Lending in More Challenging Times

With $108 billion of closed small-balance commercial loans during the first half of 2018, the SBL market is on pace to exceed the $200 billion level for the sixth year in a row. Yet investment fundamentals are beginning to fade and market risk is ticking up with higher interest rates, peak asset prices and intense competition for loans. Together these factors may challenge this positive outlook or, worse, signal an end to the current cycle.

Also, and reminiscent of conditions from a decade ago, you know the SBL market is ripe for a change when intense lender competition causes spreads to substantially thin out, LTVs expand and interest-only periods flourish, and solid credits just get much harder to come by.
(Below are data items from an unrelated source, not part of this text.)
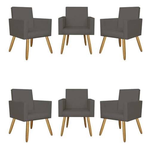 Kit 6 poltronas decorativa cadeira recepção material sintético Cor: material sintético cinza A poltrona nina traz muita segurança e conforto para seu ambiente. Sua estrutura é 100% em madeira eucalipto e todo conforto se deve a espuma com densidade d-23. Com um design sofisticado, a poltrona nina conta com acabamento em suede. Para quem indicamos nossas poltronas - para os amantes da leitura; - para trazer sofisticação para sala de estar; - para trazer aconchego em seu quarto; - para proporcionar comodidade ao seu escritório ou home office. E claro... Para presentear quem mais amamos Qual o material utilizado - tecidos suede; - espuma d-23; - percintas elásticas; - estrutura 100% madeira eucalipto; - pés madeira de eucalipto. Produto suporta até 100 kg. de fábrica de 03 meses contra defeito de fabricação. Você receberá: Seis poltrona nina pés palito. Instruções de montagem: Produto montado, sendo necessário apenas rosquear os pés. Observações importantes: -todos os produtos vão embalados com total segurança. - pode haver alguma diferença de tonalidade entre a imagem e o produto, por conta do tratamento de imagens e a calibração de cores da sua tela. Modo de limpeza: - limpar com pano limpo e moderadamente úmido Especificações técnicas Travamento da estrutura com grampos em aço galvanizados e parafusos com flange de 5 mm; Acento sustentado por percintas elásticas; Madeira de reflorestamento eucalipto; Tecido suede 100% poliéster. Dimensões Altura: 87 cm Largura: 61 cm Profundidade: 60 cm Peso: 9,5 kg . .
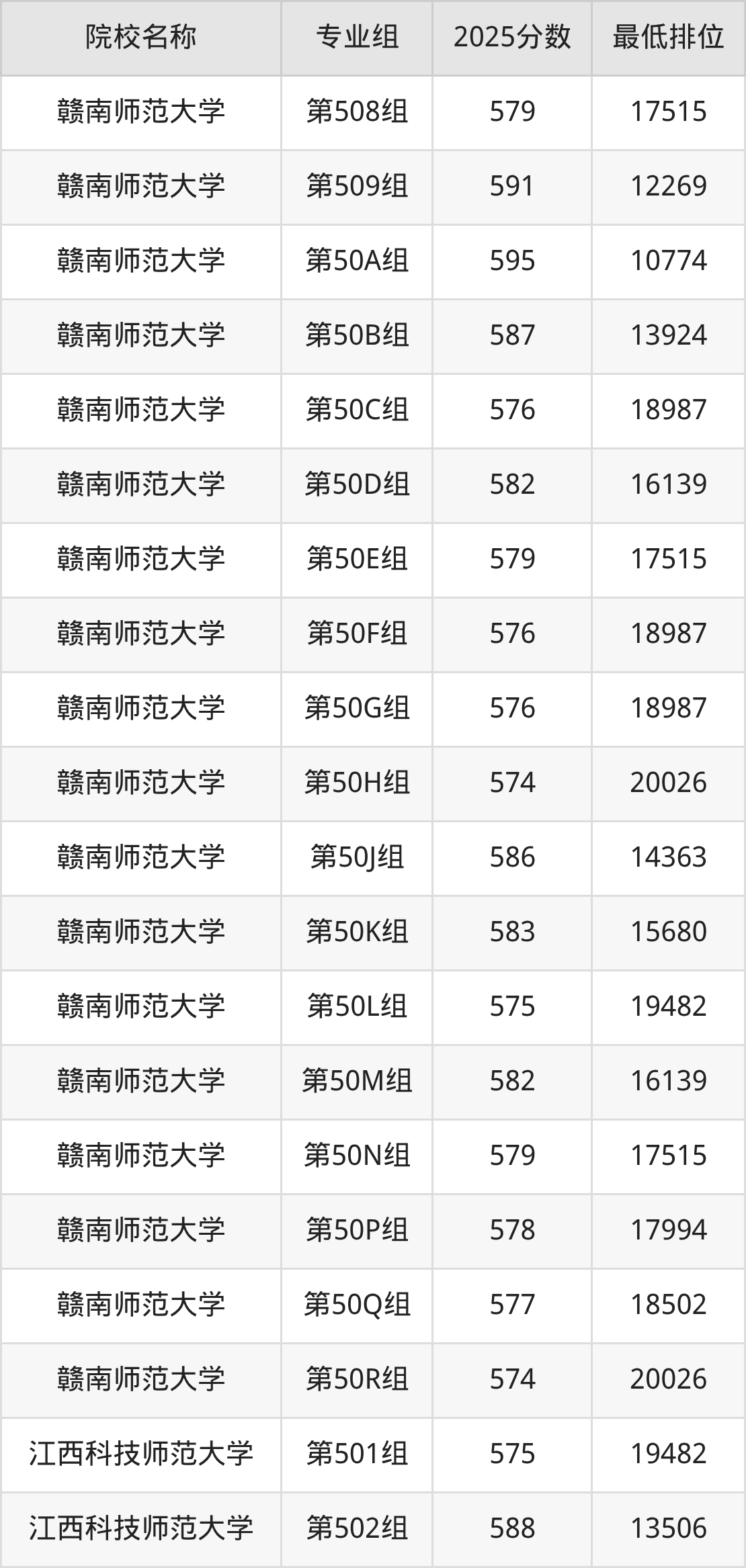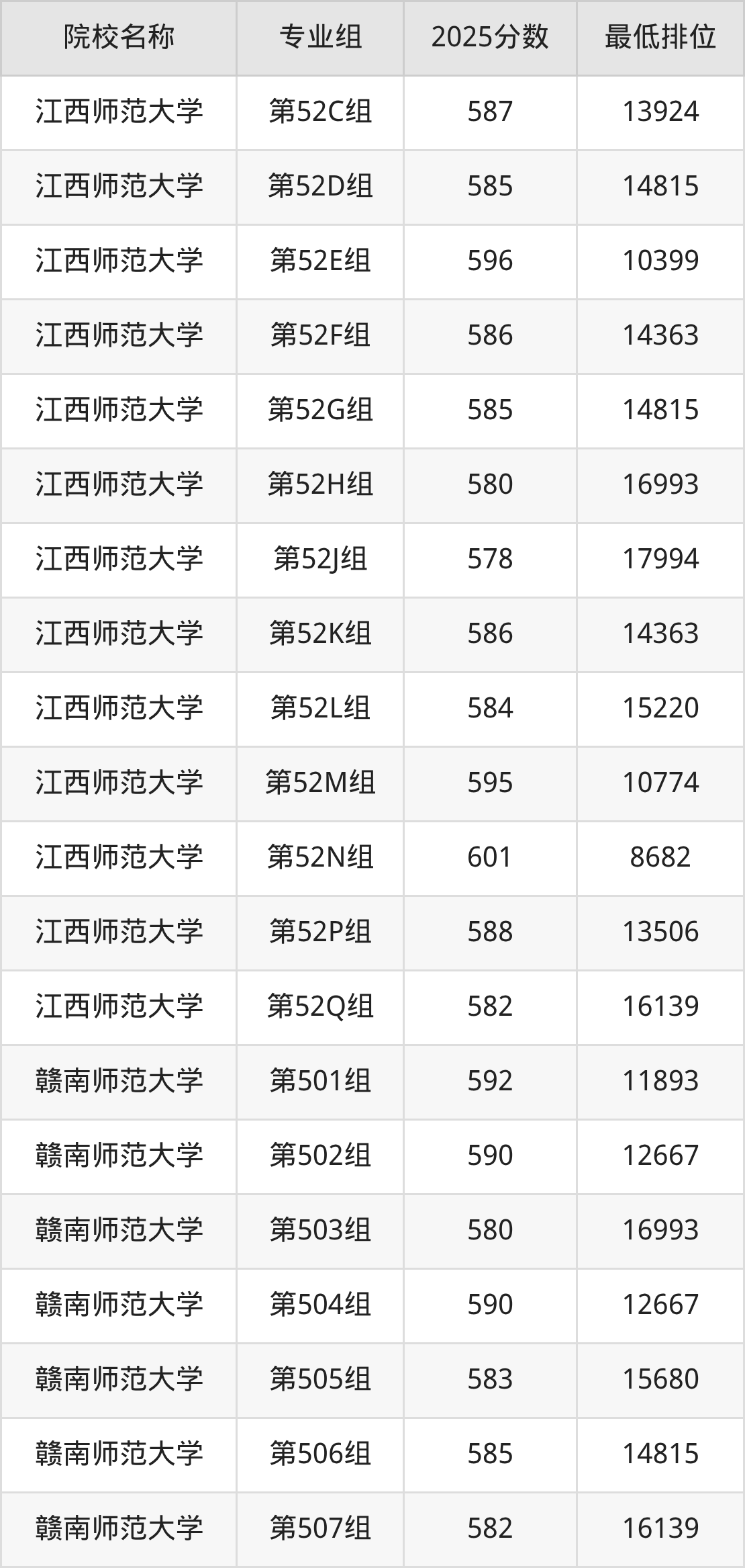 第三梯队(580分及以下):江西师范大学(第52H组是580分)、江西师范大学(第52J组是578分)、赣南师范大学(第503组是580分)、赣南师范大学(第508组是579分)
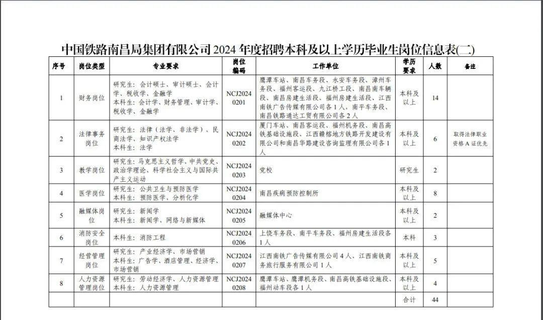 中国铁路南昌局集团有限公司根据企业发展需要,拟招聘普通高等院校本科及以上学历毕业生,现将有关事项公告如下:
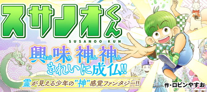 スサノオくんはどこにでもいる元気な男の子! ただ彼には…霊や神仏が「視えて」しまうのだ。スサノオくんの周りで次々と巻き起こる、 この世のものではない事件…それらをスサノオくんは仲間と一緒にどんどん解決!! “興味神神きれいに成仏!!” 古都・京都を舞台に、現代の日本に疲れたすべての大人に送る どこか懐かしいけど新しい“神”感覚ファンタジー、ここに開演!
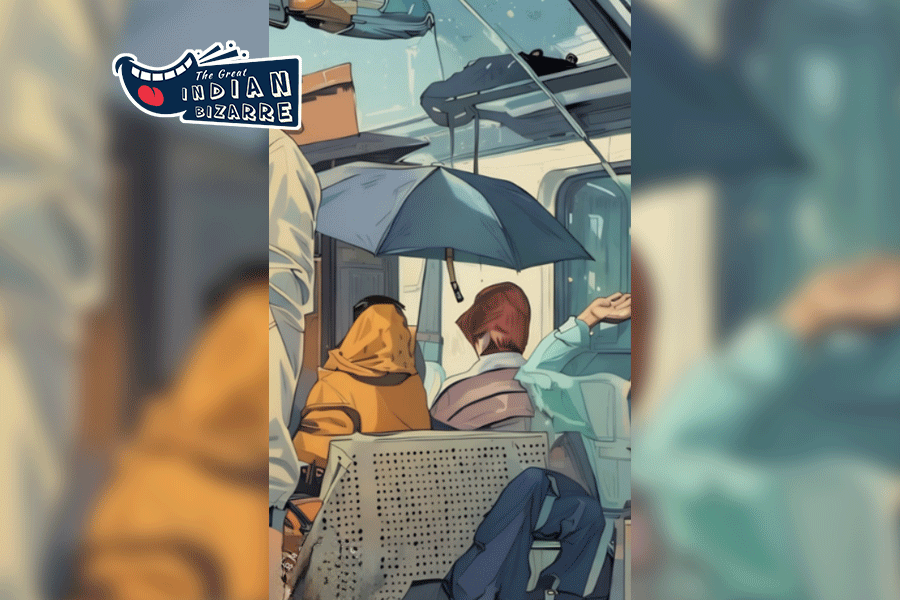 Then there was the Bongaon AC local where an elderly commuter decided he’d had enough of the chilly blast from the vents. His solution? Open an umbrella, inside the compartment.

But it's not yet the end of the party, and there is still room for national and regional lenders to succeed with perhaps more prudent or less risky strategies that might start with better targeting of the strongest geographical markets. In the SBL space, it's not surprising that origination volume is closely aligned with the most populous U.S. states. The top SBL markets include (in rank order of population size) California, Texas, Florida, New York, Pennsylvania, Illinois and Georgia, plus the states of New Jersey, Washington and Colorado. These 10 states account for a disproportionate share of closed loans averaging 65% of total SBL originations or roughly $150 billion over the last three years ending 2017. This amount was nearly double the volume of the balance of states on a consistent annual basis.
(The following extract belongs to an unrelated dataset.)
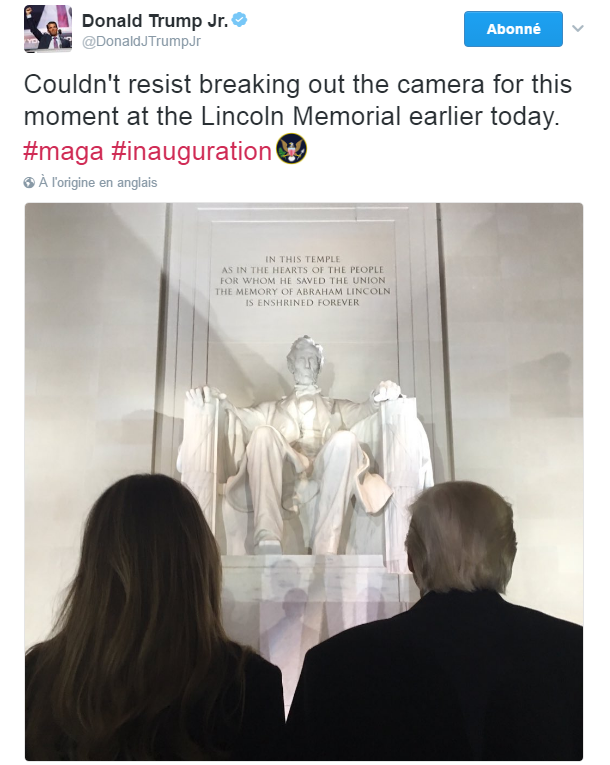 Voici un superbe cliché de Donald et Melania Trump au Lincoln Memorial. Il a été pris par Doug Mills, photographe au New York Times.
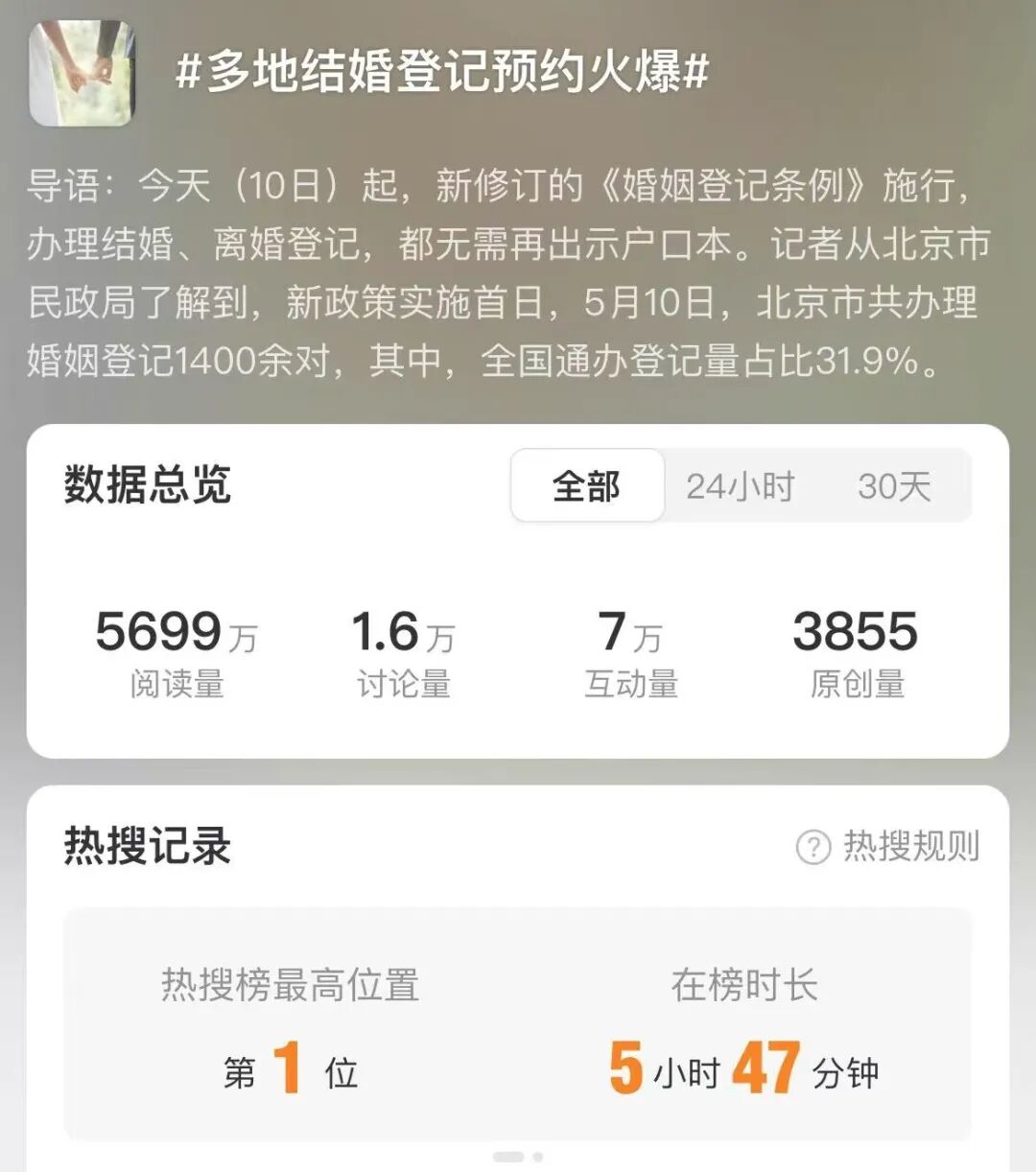 5月10日起,新修订的《婚姻登记条例》施行,多地结婚登记预约火爆,相关话题词冲上热搜第一。多地结婚登记预约火爆婚姻登记实行“全国通办”,要求婚姻登记机关应当核对结婚登记当事人出具的证件、书面材料,询问

A sizable difference in state-level economic activity, resulting from the relatively high number and size of large metropolitan areas in these leading states, largely explains their outsized sum of originations. And it’s these geographical concentrations of economic well-being and growth where lenders will be better off plying their trade during riskier lending periods.
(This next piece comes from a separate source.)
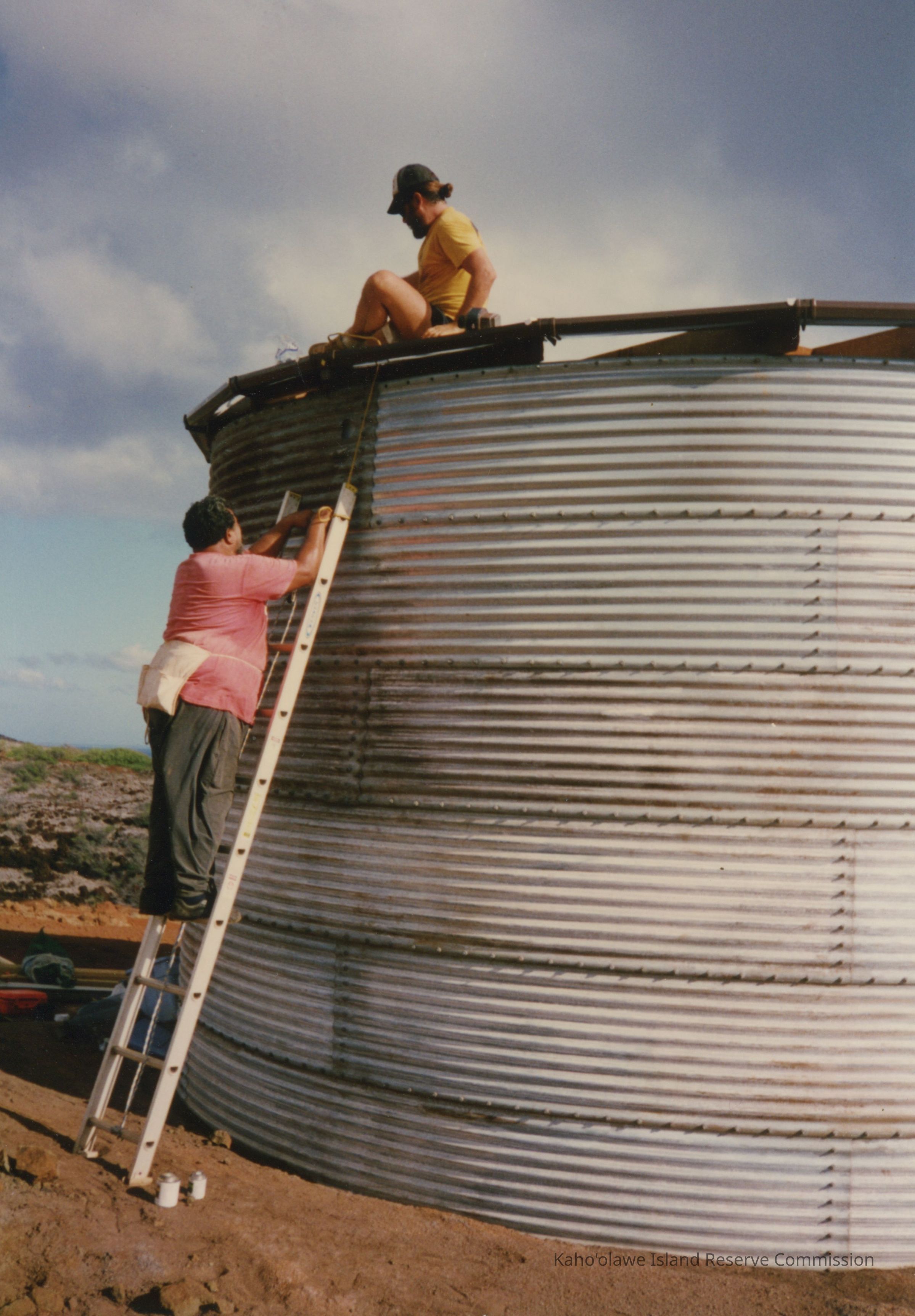 Color photograph of two unidentified men working on a water tank. One man is standing on a ladder leaning against the water tank sitting on hardpan. The other man is sitting on top of the water tank.

As the nearby graph shows, it's not just the absolute increase in loan volume over time that warrants consideration when targeting markets but, also, the relative rates of growth. For example, though Washington and Colorado trailed some of the others in terms of the change in gross dollar volume between 2013 and 2017, they clocked in with two of the best YoY percentage gains among the top 10 states. Not coincidentally, Washington and Colorado also generated two of the best compound annual growth rates in state GDP over the five-year period according to BEA. By contrast Illinois and New Jersey, which posted flat to slightly negative growth in dollar loan volume between the two years, respectively, also generated GDP growth below the U.S. average over the five-year period.

During the market's expansion, small-balance lenders and investors found safe bets in a myriad of places throughout the U.S. But lending markets built on the strongest economic foundations will typically offer investors more shelter from a future storm.